TASK OBJECTIVE: Without the images, repeat every line of the listing exactly.

GIVEN DATA:
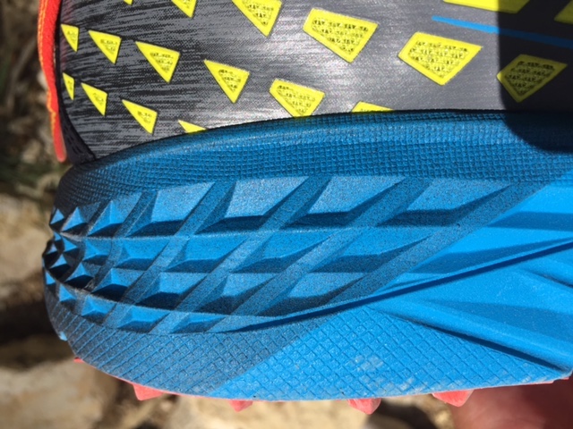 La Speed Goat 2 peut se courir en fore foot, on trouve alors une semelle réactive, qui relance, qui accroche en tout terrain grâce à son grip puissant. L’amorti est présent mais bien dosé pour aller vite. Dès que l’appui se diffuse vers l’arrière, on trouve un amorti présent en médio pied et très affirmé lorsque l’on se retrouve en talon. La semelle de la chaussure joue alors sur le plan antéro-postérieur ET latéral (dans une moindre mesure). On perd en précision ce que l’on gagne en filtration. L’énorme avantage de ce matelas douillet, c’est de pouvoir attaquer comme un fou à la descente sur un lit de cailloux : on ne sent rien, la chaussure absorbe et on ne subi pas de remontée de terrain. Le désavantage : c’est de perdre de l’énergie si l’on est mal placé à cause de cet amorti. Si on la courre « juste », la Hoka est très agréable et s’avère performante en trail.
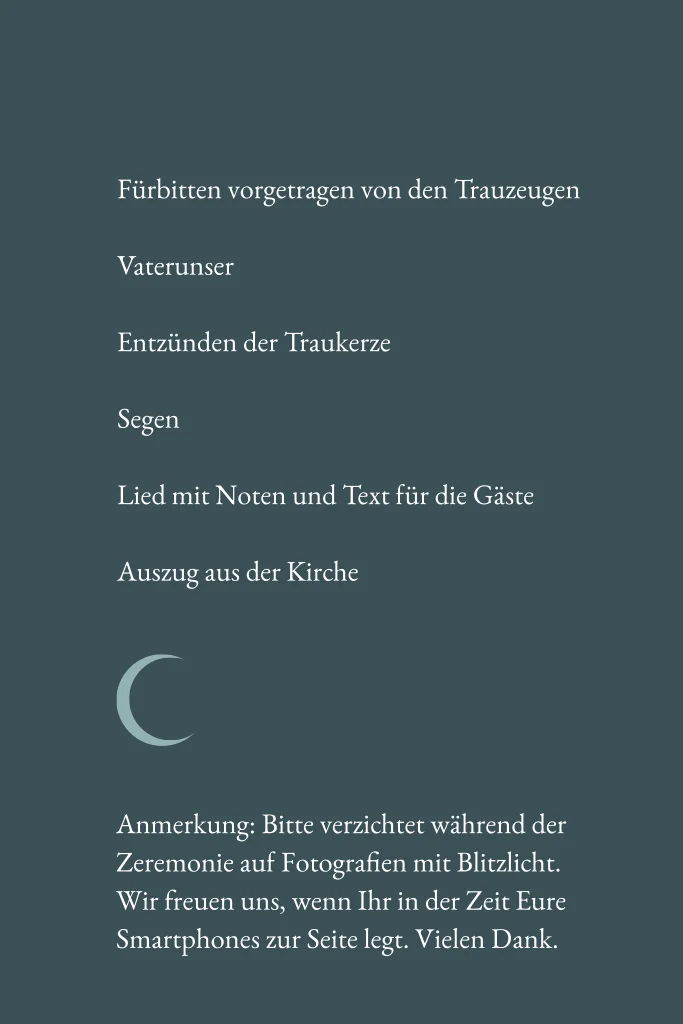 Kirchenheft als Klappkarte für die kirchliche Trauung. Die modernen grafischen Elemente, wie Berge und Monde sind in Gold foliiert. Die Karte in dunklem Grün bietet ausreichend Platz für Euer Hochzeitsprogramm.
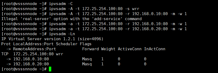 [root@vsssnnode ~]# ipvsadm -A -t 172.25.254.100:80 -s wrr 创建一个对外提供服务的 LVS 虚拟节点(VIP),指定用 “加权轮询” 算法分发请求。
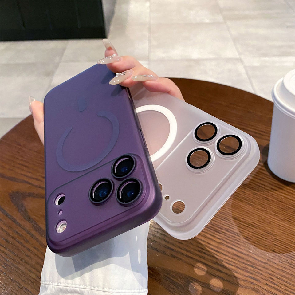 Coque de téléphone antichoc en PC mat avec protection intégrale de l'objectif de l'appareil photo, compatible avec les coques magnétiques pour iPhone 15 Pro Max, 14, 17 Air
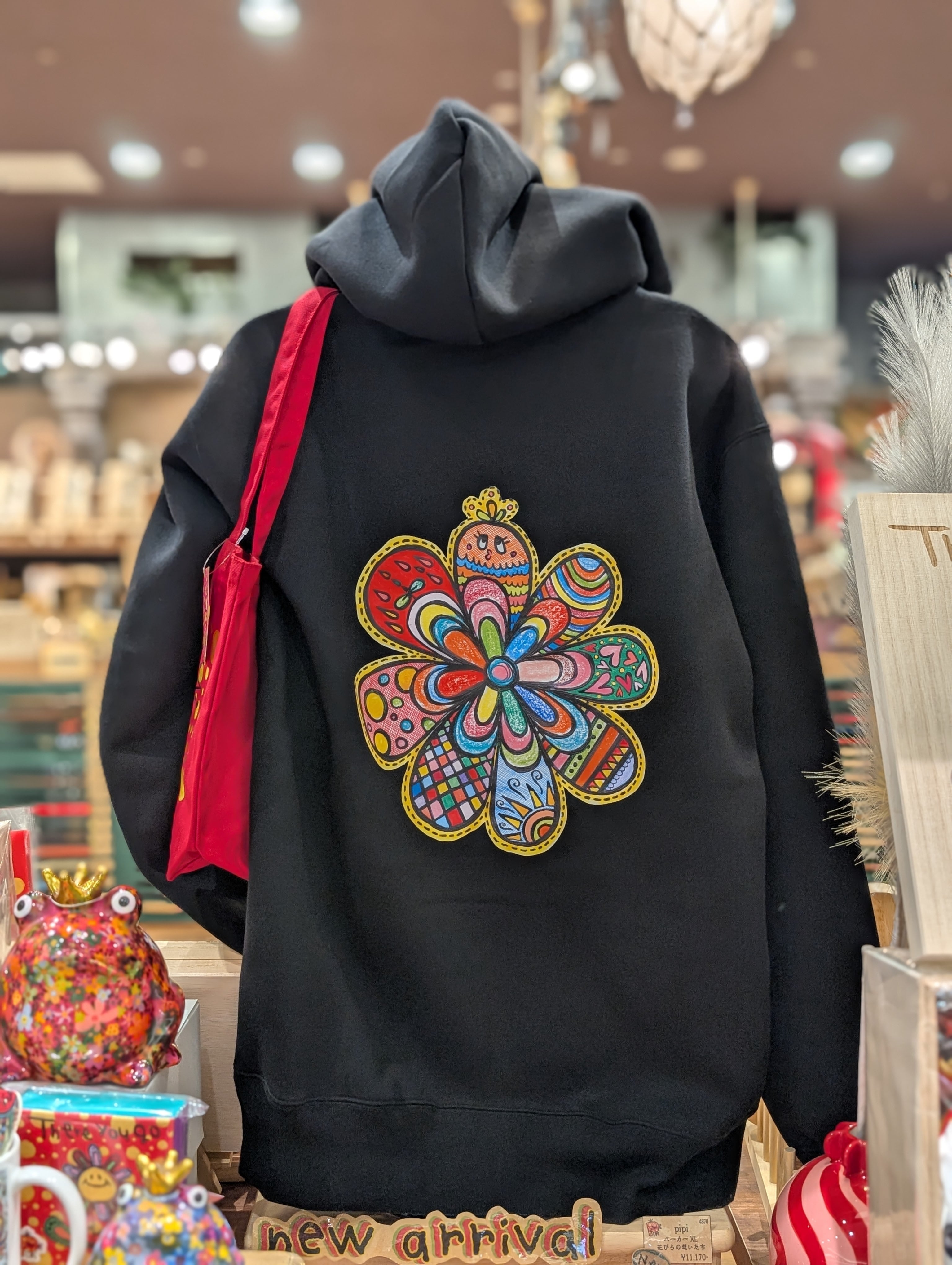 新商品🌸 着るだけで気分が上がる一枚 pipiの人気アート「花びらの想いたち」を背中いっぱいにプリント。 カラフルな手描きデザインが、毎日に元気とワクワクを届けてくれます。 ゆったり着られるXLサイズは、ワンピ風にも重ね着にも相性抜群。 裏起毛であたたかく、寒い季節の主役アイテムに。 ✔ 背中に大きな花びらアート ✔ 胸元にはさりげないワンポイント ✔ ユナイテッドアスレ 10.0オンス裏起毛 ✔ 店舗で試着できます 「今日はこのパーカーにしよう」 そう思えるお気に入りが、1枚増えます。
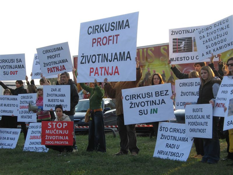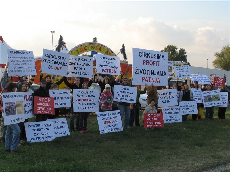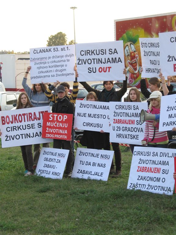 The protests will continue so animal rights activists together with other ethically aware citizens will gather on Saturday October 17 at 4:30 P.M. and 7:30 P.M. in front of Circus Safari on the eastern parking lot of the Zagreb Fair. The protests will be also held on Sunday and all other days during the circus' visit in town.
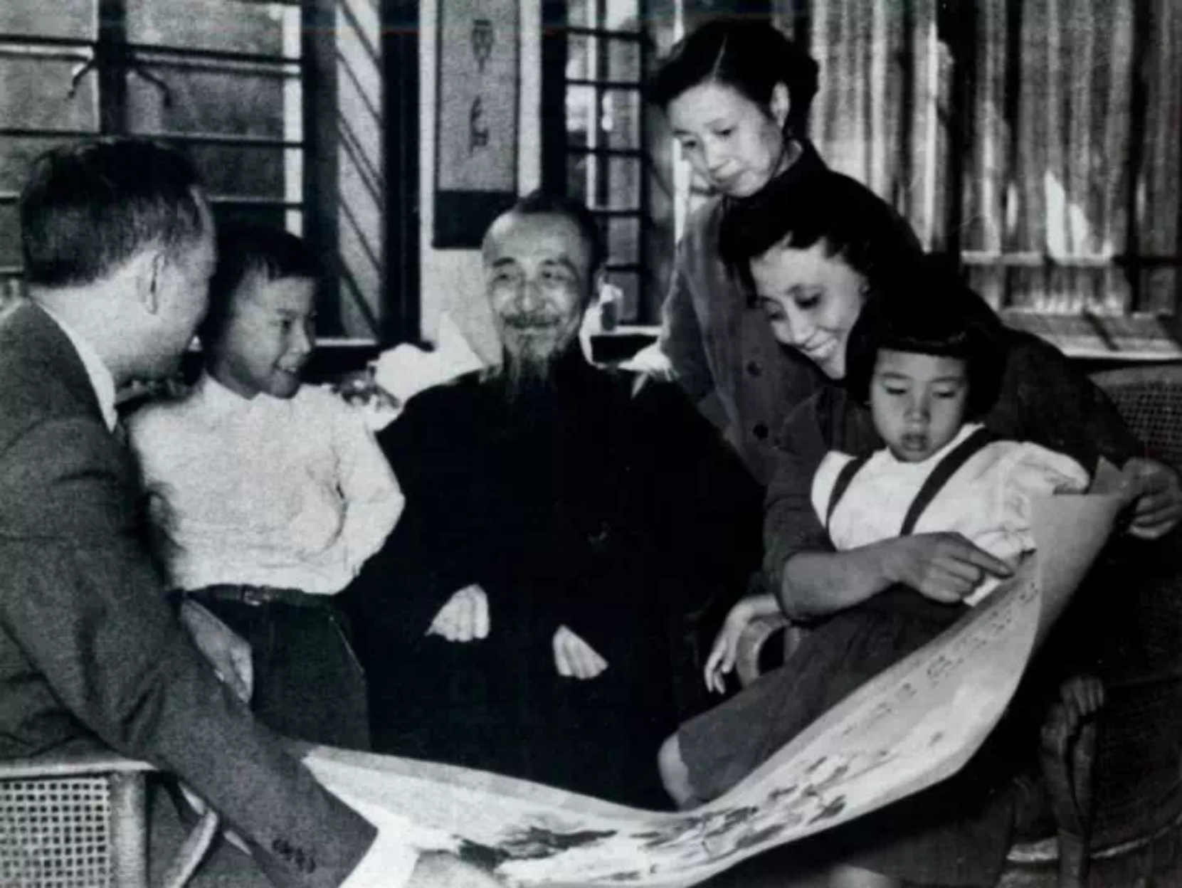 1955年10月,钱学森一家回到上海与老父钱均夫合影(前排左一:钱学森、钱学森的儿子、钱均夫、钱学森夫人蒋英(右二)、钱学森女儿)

RESPONSE TO THE TASK:
 La Speed Goat 2 peut se courir en fore foot, on trouve alors une semelle réactive, qui relance, qui accroche en tout terrain grâce à son grip puissant. L’amorti est présent mais bien dosé pour aller vite. Dès que l’appui se diffuse vers l’arrière, on trouve un amorti présent en médio pied et très affirmé lorsque l’on se retrouve en talon. La semelle de la chaussure joue alors sur le plan antéro-postérieur ET latéral (dans une moindre mesure). On perd en précision ce que l’on gagne en filtration. L’énorme avantage de ce matelas douillet, c’est de pouvoir attaquer comme un fou à la descente sur un lit de cailloux : on ne sent rien, la chaussure absorbe et on ne subi pas de remontée de terrain. Le désavantage : c’est de perdre de l’énergie si l’on est mal placé à cause de cet amorti. Si on la courre « juste », la Hoka est très agréable et s’avère performante en trail.
 Kirchenheft als Klappkarte für die kirchliche Trauung. Die modernen grafischen Elemente, wie Berge und Monde sind in Gold foliiert. Die Karte in dunklem Grün bietet ausreichend Platz für Euer Hochzeitsprogramm.
 [root@vsssnnode ~]# ipvsadm -A -t 172.25.254.100:80 -s wrr 创建一个对外提供服务的 LVS 虚拟节点(VIP),指定用 “加权轮询” 算法分发请求。
 Coque de téléphone antichoc en PC mat avec protection intégrale de l'objectif de l'appareil photo, compatible avec les coques magnétiques pour iPhone 15 Pro Max, 14, 17 Air
 新商品🌸 着るだけで気分が上がる一枚 pipiの人気アート「花びらの想いたち」を背中いっぱいにプリント。 カラフルな手描きデザインが、毎日に元気とワクワクを届けてくれます。 ゆったり着られるXLサイズは、ワンピ風にも重ね着にも相性抜群。 裏起毛であたたかく、寒い季節の主役アイテムに。 ✔ 背中に大きな花びらアート ✔ 胸元にはさりげないワンポイント ✔ ユナイテッドアスレ 10.0オンス裏起毛 ✔ 店舗で試着できます 「今日はこのパーカーにしよう」 そう思えるお気に入りが、1枚増えます。
 The protests will continue so animal rights activists together with other ethically aware citizens will gather on Saturday October 17 at 4:30 P.M. and 7:30 P.M. in front of Circus Safari on the eastern parking lot of the Zagreb Fair. The protests will be also held on Sunday and all other days during the circus' visit in town.
 1955年10月,钱学森一家回到上海与老父钱均夫合影(前排左一:钱学森、钱学森的儿子、钱均夫、钱学森夫人蒋英(右二)、钱学森女儿)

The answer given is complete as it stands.